Figure 5.15 is a busy plot. Female patients are shown in red while males in blue. Size of the plot is proportional to charges. So on this plot we are visualizing 4 columns of data!

Other common methods we can use to detect complex correlations and structures include principal component analysis (PCA), Multidimensional scaling (MDS), hierarchical clustering etc.

All of these techniques we introduced so far enable us to LEARN about your dataset without any of priori hypothesis, ideas, and judgments. Many companies claim that they want to know their customers first as individuals and then do business. Same thing applies to data mining. You need to know you dataset as it is before making predictions, classifications etc.

You should also INTERACT with your data by asking questions based on domain knowledge and common sense.
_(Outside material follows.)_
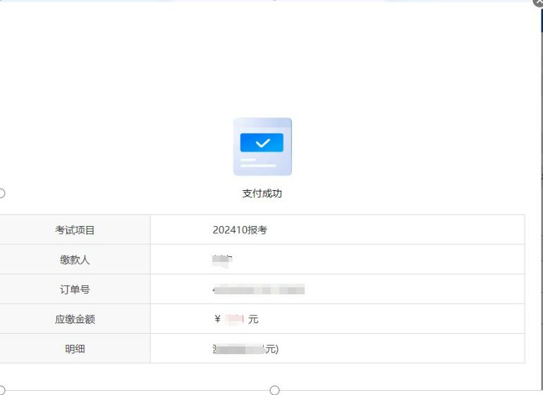 第六步报考确认。考生完成上述操作后,点击支付界面右上角“X”关闭按钮。关闭支付界面后,可返回报考系统查看本次缴费成功的报考课程信息(缴费状态为“已缴费”),如下图所示:

Generates lots and lots of plots to support or reject hypothesis you may have. I demonstrated this by using the heart attack dataset in the last few pages. You should do the same thing when you have a new dataset. Sometimes, the thing that you discovered is more important than the initial objectives.

1. Velleman, P. F.; Data Description Inc. ActivStats, 2000-2001 release.; A.W. Longman,: Glenview, IL, 2001.